(Exercise prompt) Starting with the line in which "Location of Gippsland South in Victoria" appears, give back every line exactly as written until the listing ends, excluding pictures.

(Provided material)
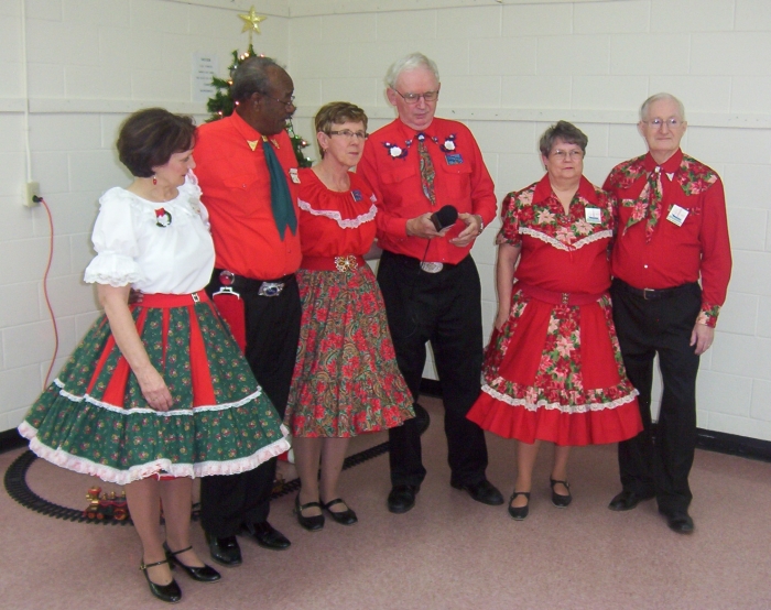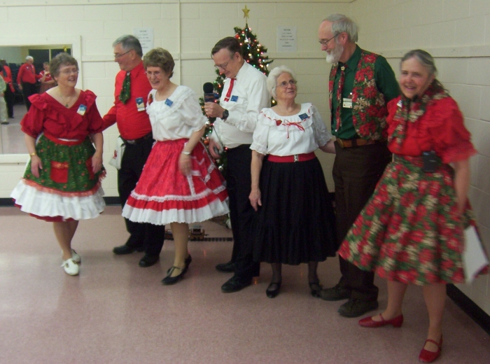 Three squares in full Christmas dress gathered at Bloomfield Centre on the morning of December 22 to dance in front of a CTV camera crew. Caller Dottie Welch put us through our paces, with a special teaching tip for good-natured host Cyril Lunney. Short introductory sessions were taped featuring four groups of six dancers. A "spokesperson" from each group was chosen to proclaim "Hi, I'm ----- and you're watching Morining Live on CTV!". The results were often hilarious, requiring one or more retakes. But all ended well, and the session aired the following morning to critical acclaim.
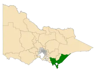 Location of Gippsland South in Victoria
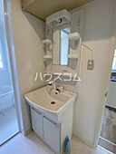 化粧品や洗面道具といった小物をまとめて収納できる独立洗面台があります。

(Exercise response)
 Location of Gippsland South in Victoria
 化粧品や洗面道具といった小物をまとめて収納できる独立洗面台があります。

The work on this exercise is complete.